Excavations for the world record of an ancient site in Norway led to an unusual discovery.
Archaeologists from the University of Bergen, while exploring the site of Mikkelbost on the southwest coast of Norway, have discovered notes and a letter with romantic contents from another archaeologist.
In 1874, the Bergen Museum on the southwest coast of Norway appointed its first archaeologist and conservator. Only 28-year-old Anders Lorenge made a name for himself by searching for Viking sites throughout the country, and in particular by exploring the Rockenhaugen burial mound on the outskirts of Oslo in 1869. was walking
Newly hired, Lorenge traveled from Bergen to Nordfjordeid, where he planned to open the largest of five hills on a farm called Micklebostgarden. There, Lorange discovered the remains of a 100-foot-long Viking ship that had been burned a thousand years ago as part of an elaborate burial ritual. The Micklebost remains the largest Viking ship found in Norway.
Although the size of the ship and the quality of the artefacts on it pointed to a 9th century Viking kingdom, only half of the site was eventually excavated. The discovery of completely intact and preserved Viking ships in the following decades made the Micklebost almost forgotten, only to be noticed again in the 1990s. In 2019, boat builders in Nordfjordeid completed a real rebuild of the Mickleboost and launched it onto the river plateau.
Now, after many years, archaeologists have returned to this site to complete the excavation, and their initial discovery is a strange bottle with even more strange notes from an ancient archaeologist. Inside the glass bottle, Lorange had put a letter, his business card and five coins. The letter provides an overview of the exploration and describes its history, content and purpose. The number of Viking shields that Lorange mentioned was wrong, and he did not mention the ship’s most important find, an 8th-century bronze vessel looted from a church or monastery in Ireland.

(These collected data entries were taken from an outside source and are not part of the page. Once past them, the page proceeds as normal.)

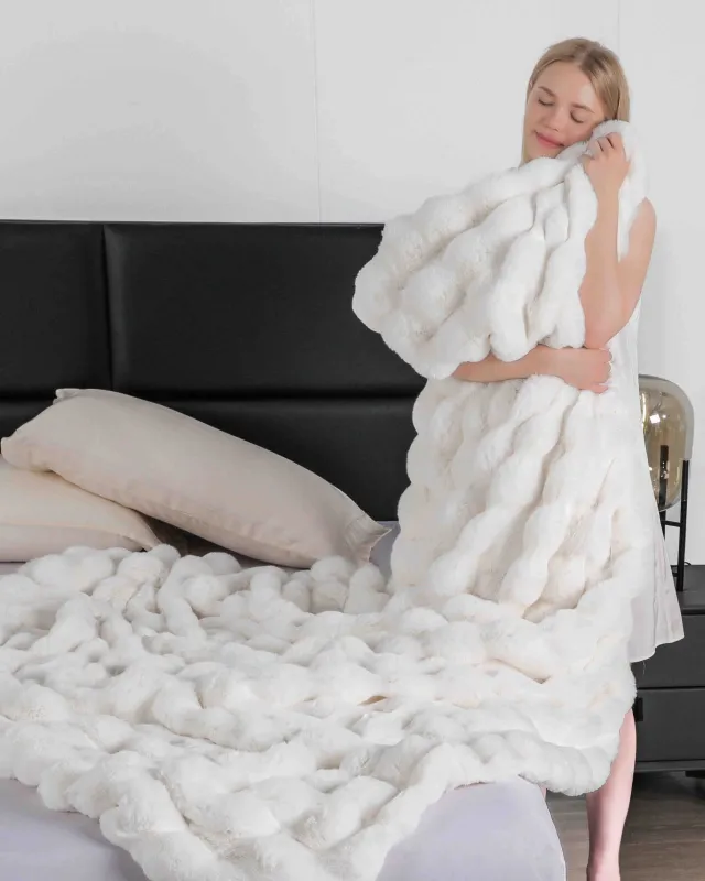 Patura moale tip cocolino din material pufos si catifelat cu blana artificiala de iepure , ce poate fi utilizata atat pentru decor, cat si pentru a te inveli in zilele friguroase.
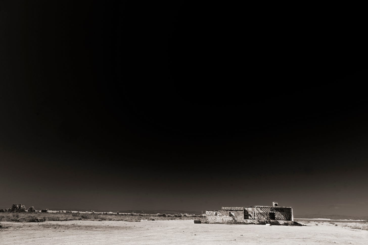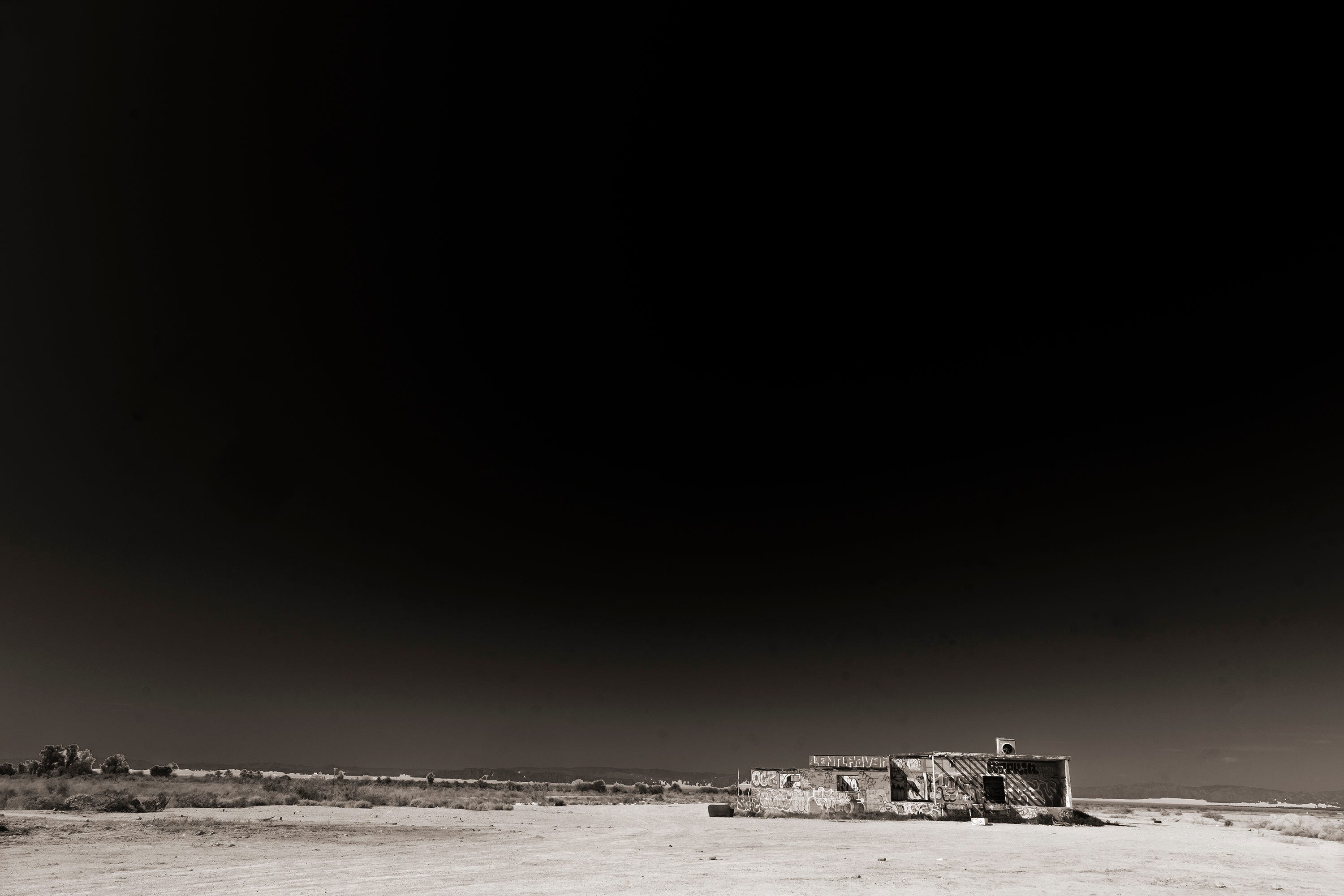 Somehow the scale of an empty warehouse sitting on 10 acres of graded sand is more desolate than an empty house or sagging trailer. There’s a rich loneliness conveyed by the scene. There’s an implied history of a bustling place where produce, my assumption, was packed, shipped and dozens of workers were employed.
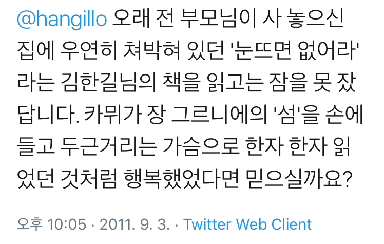 군에서 휴가를 나왔을 때로 기억하는데, 트위터 계정을 만들어 김한길 선생님을 팔로잉하고 무심코 날린 트윗에 ‘밤눈을 감지 못하게 해 미안하다’라며 센스 있는 답변을 달아줬던 선생님의 트윗이 생각난다. 그런데 이거 어쩌죠. 작가님은 아직도 가끔씩 제 밤눈을 감지 못하게 하시거든요.
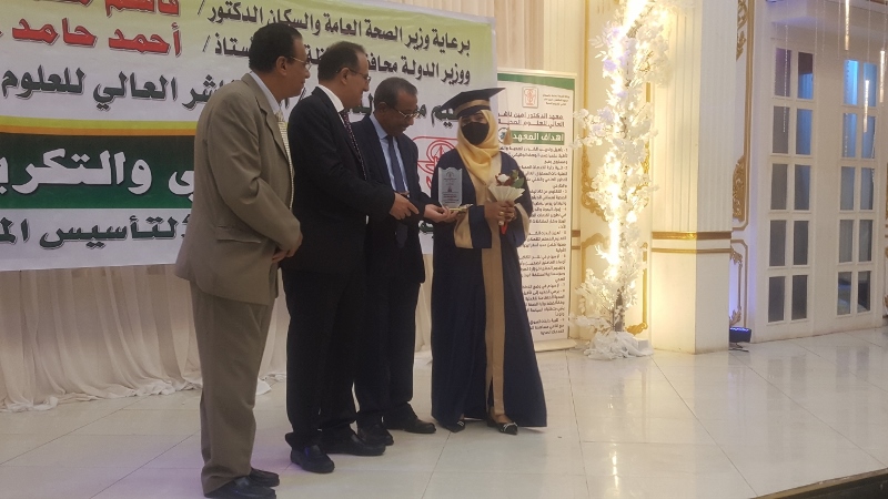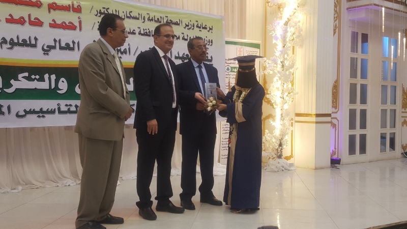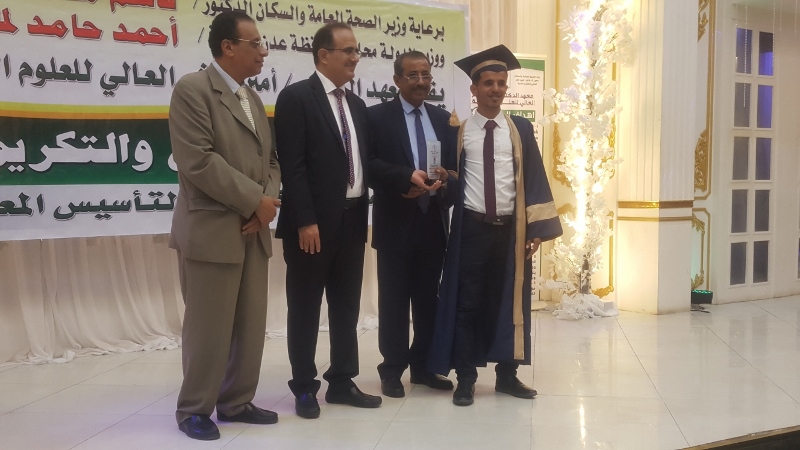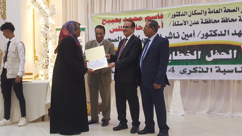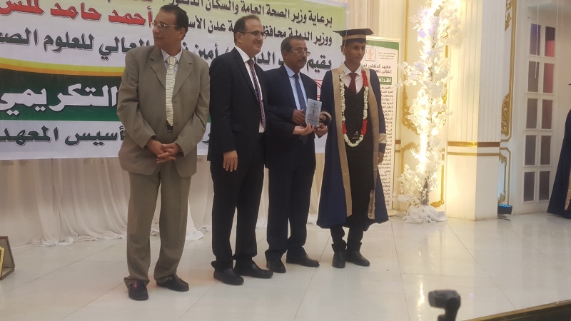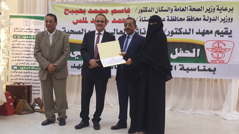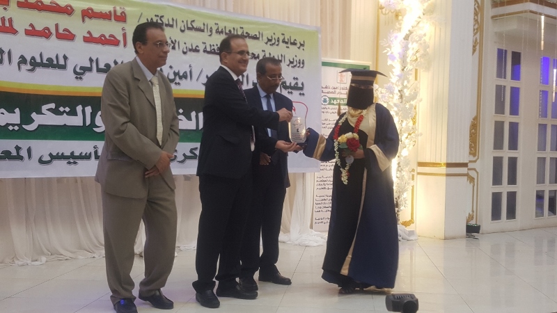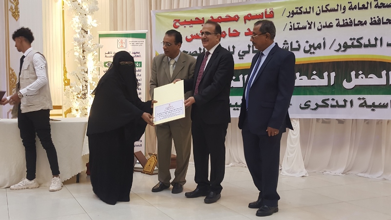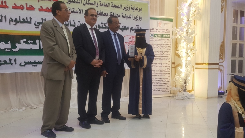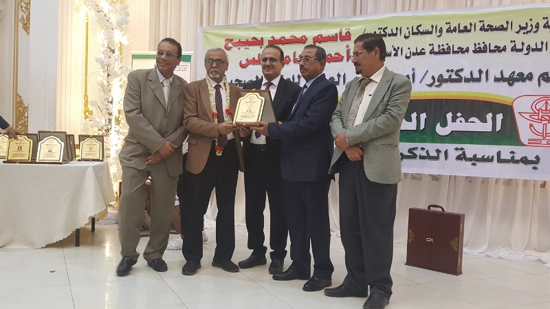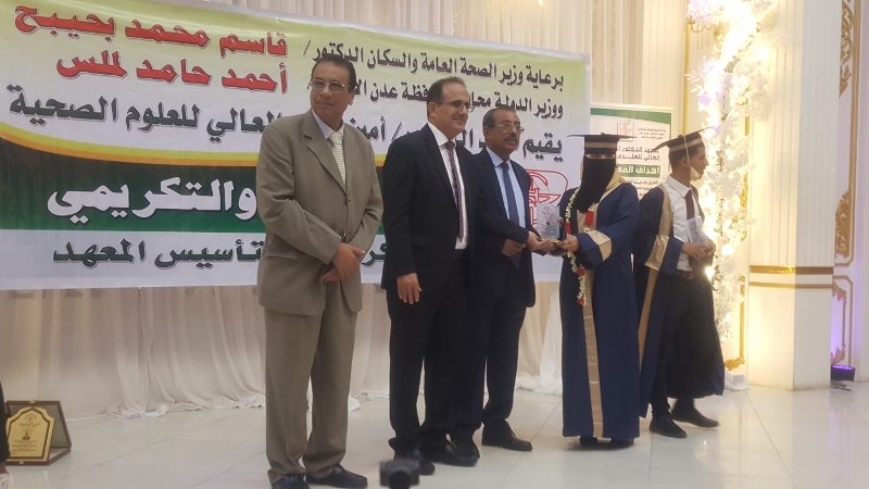 وفي ختام الحفل كرم معالي وزير الصحة الدكتور/ قاسم بحيبح و الدكتور/ جمال ناصر امذيب عميد معهد أمين ناشر محافظ محافظة عدن الأخ أحمد لملس بدرع استلمها نيابة عنه عبدالحكيم الشعيبي وكيل محافظة عدن والدكتور/ أحمد مثنى البيشي مدير عام مكتب الصحة العامة والسكان بعدن والدكتور /عبدالقادر الباكري المدير التنفيذي للهيئة العليا للأدوية والمستلزمات الطبية والدكتور/ الخضر لصور رئيس جامعة عدن والدكتورة /إشراق السباعي وكيل مساعد لوزارة الصحة والدكتورة/ رجاء مسعد مدير عام مستشفى الصداقة التعليمي، كما تم تكريم شخصيات تعاقبت على عمادة المعهد منذ تأسيسه وحتى الوقت الراهن على كرسي عمادة المعهد وعدد من الكفاءات المشهود لها، وعدد من الدكاترة والأكاديميين وأساتذة المعهد بشهادات تقديرية تقديراً لجهودهم ودعمهم ومتابعتهم المتواصلة لتطوير العملية التعليمية في المعهد.
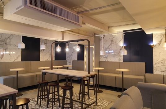 首家全家Let’s Café旗艦店共設有48個座席,提供免費網路與充電插座,以沙發、高吧桌、大長桌混搭成隨心所欲的咖啡館氣氛。空間氛圍更是採用低彩度灰、白、海軍藍的高雅「莫蘭迪」風格。
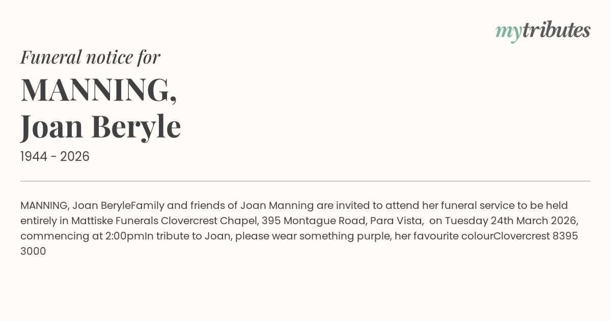 Joan Manning are invited to attend her funeral service to be held entirely in
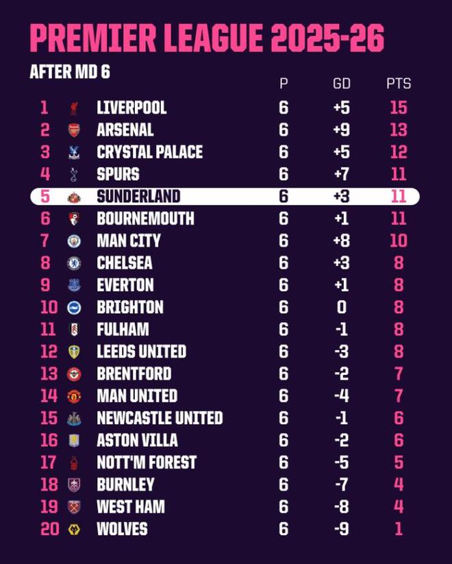 更令人惊讶的是,他们目前的战绩甚至优于去年降级的莱斯特城、伊普斯维奇和南安普顿在2025年里英超的表现。尽管赛季才刚开始,但桑德兰展现出的整体气质与场上表现,完全不像一支刚刚升级的球队,反而像是早已适应这个舞台。
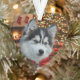 The front of the ornament features a cherished photograph of your pet (e.g., "Rocky," a husky puppy with a red bow).
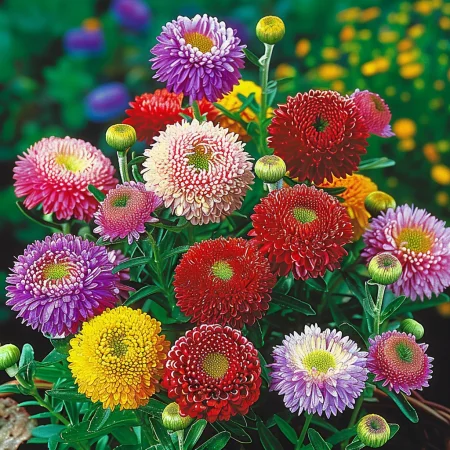 Kitajska aster je enoletna rastlina z različnimi sortami in barvami. Cveti z očarljivimi cvetovi premera 5-10 cm od začetka poletja do jeseni.
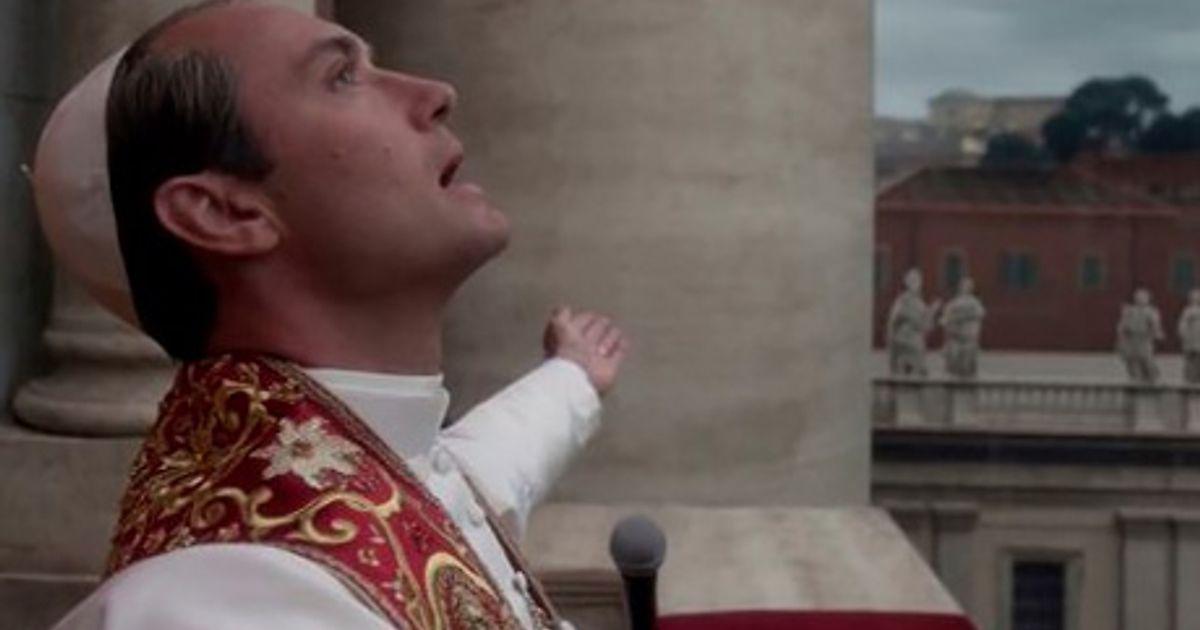 Еще чуть-чуть, и будет футбол. Вместо сериала на десять эпизодов Соррентино снял пять полнометражных трибьютов. Загибайте пальцы. Ангелоподобный Джуд Лоу в белоснежной сутане от Армани (здесь куют хип-хоп) меланхолично бродит по ватиканским садам и галереям, как дьявольски красивый Марчелло Мастрояни бродил в черном костюме в «Восемь с половиной». Это, понятно, Феллини.
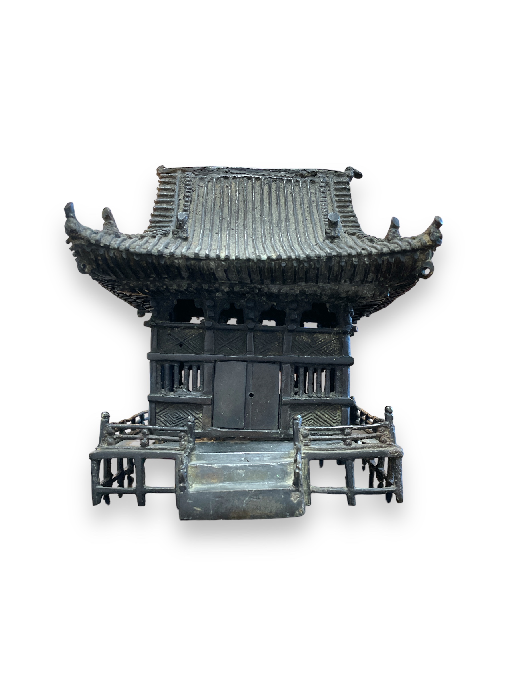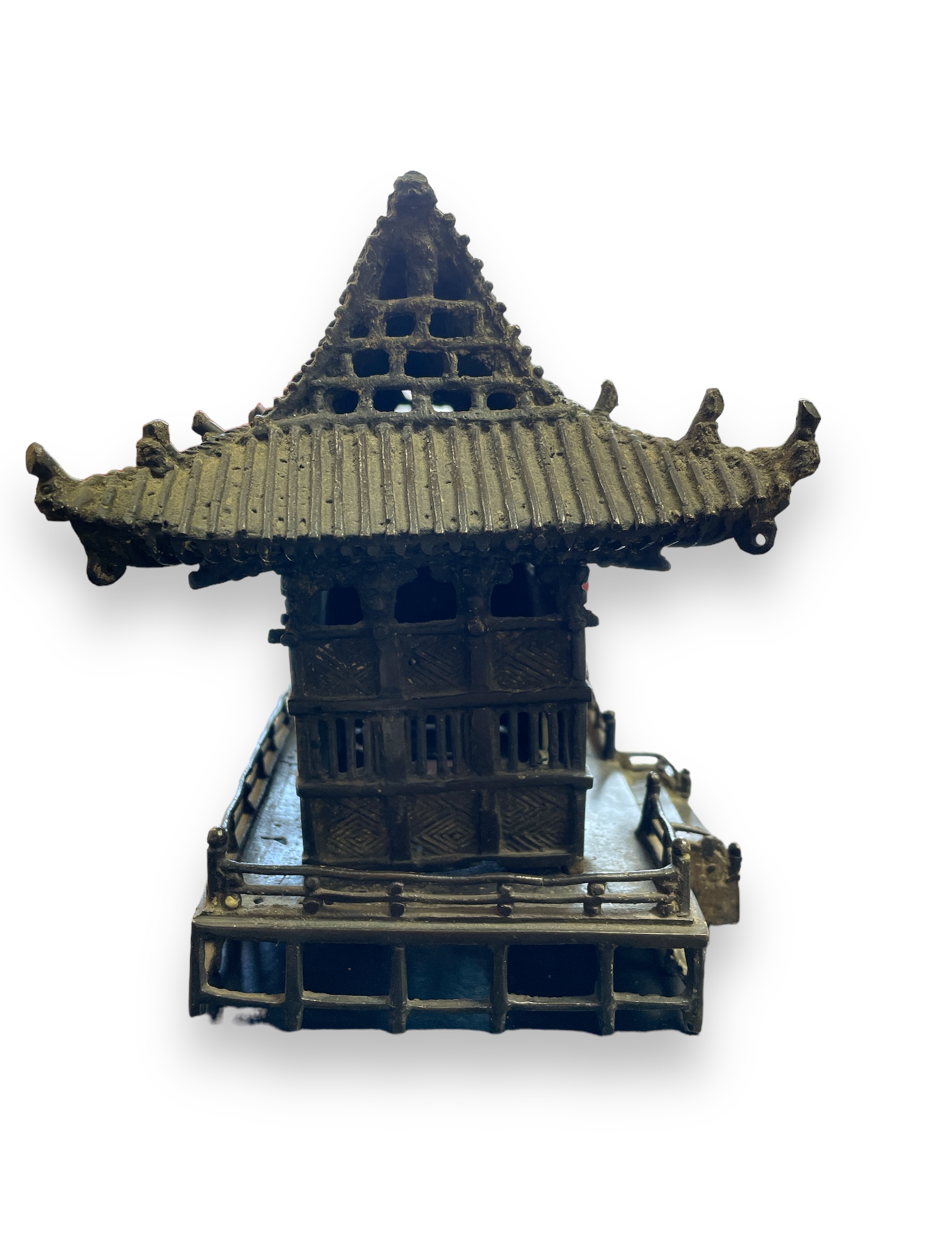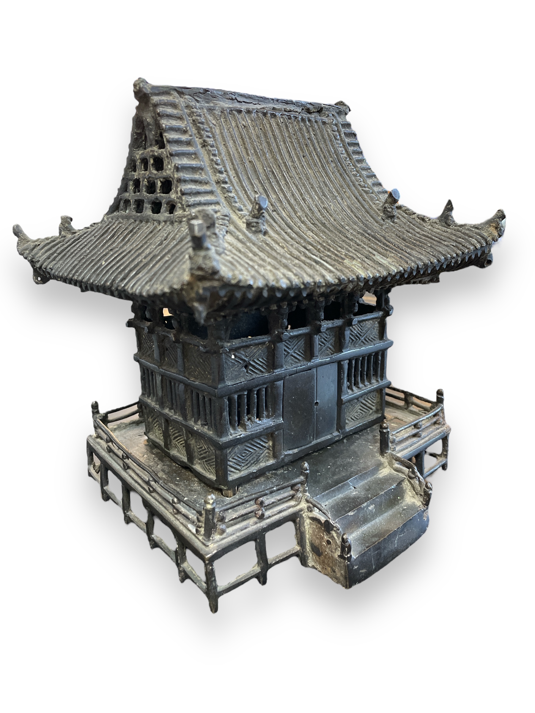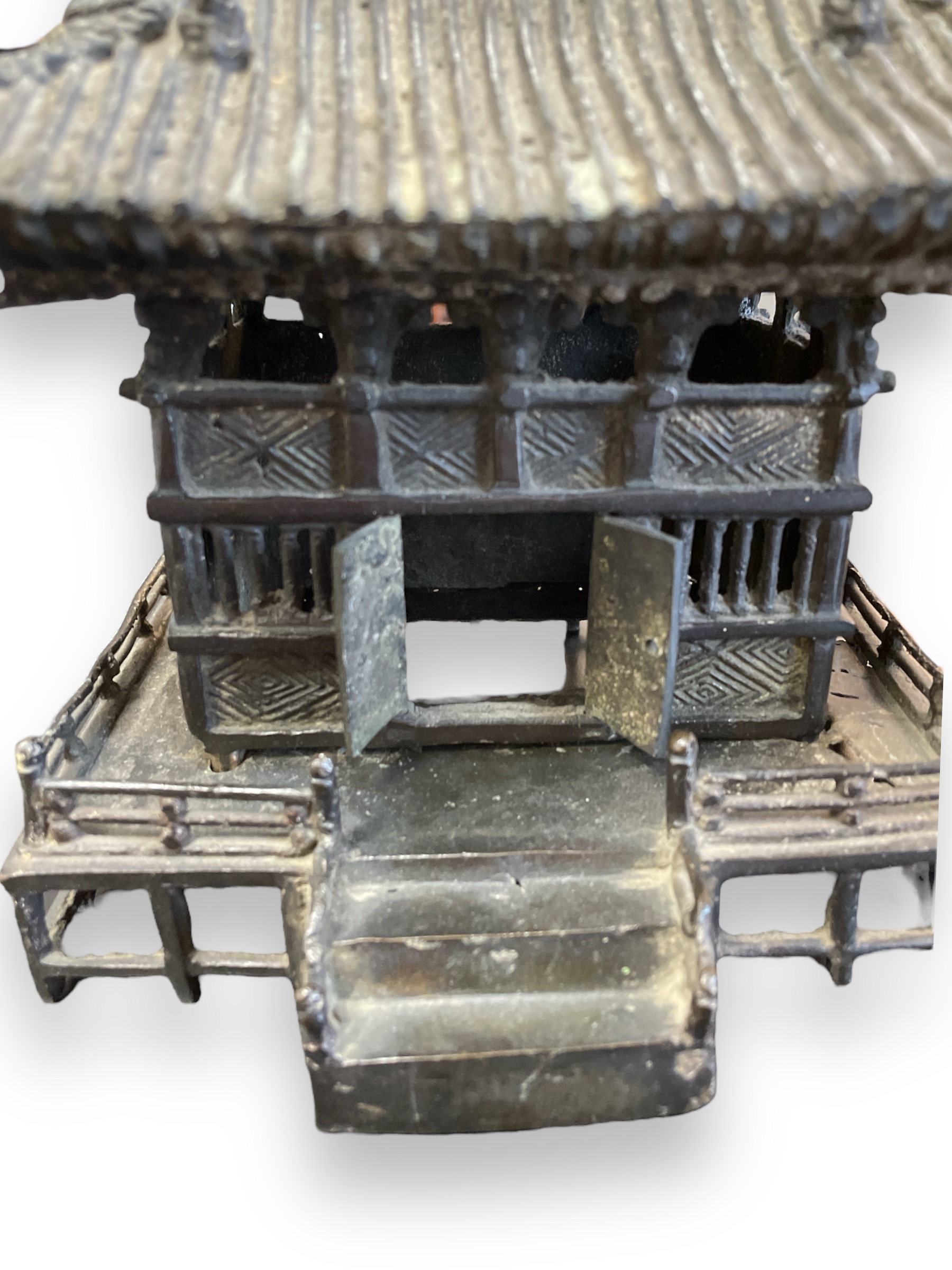 19th C cast bronze censer in the form of a pagoda (incense holder). With doors that open/close.

Archaeologists now believe that the find shows that even though Lorange was the museum’s archaeologist, local farm workers, not him, did the work. Another mistake occurs at the end of the letter, where Lorenge left a message in Rune, an alphabet used by the Germans before the adoption of the alphabet. Experts on ancient runes were unable to translate the note and eventually realized that Lorenge did not know the runes and had only directly translated the sentence using the new rune alphabet. The note they found read: “Emma Gide, my girlfriend” — the two were married in 1877.
This is the second time archaeologists have discovered a love note from Lorraine. During a follow-up excavation at Rockenhagen in 1939, researchers found a note to Ingeborg Heftieh, who eventually married another man.
These items, along with other items from the Micklebost excavation, will be displayed in an exhibition at the Bergen Museum to mark the institution’s bicentennial in 2025.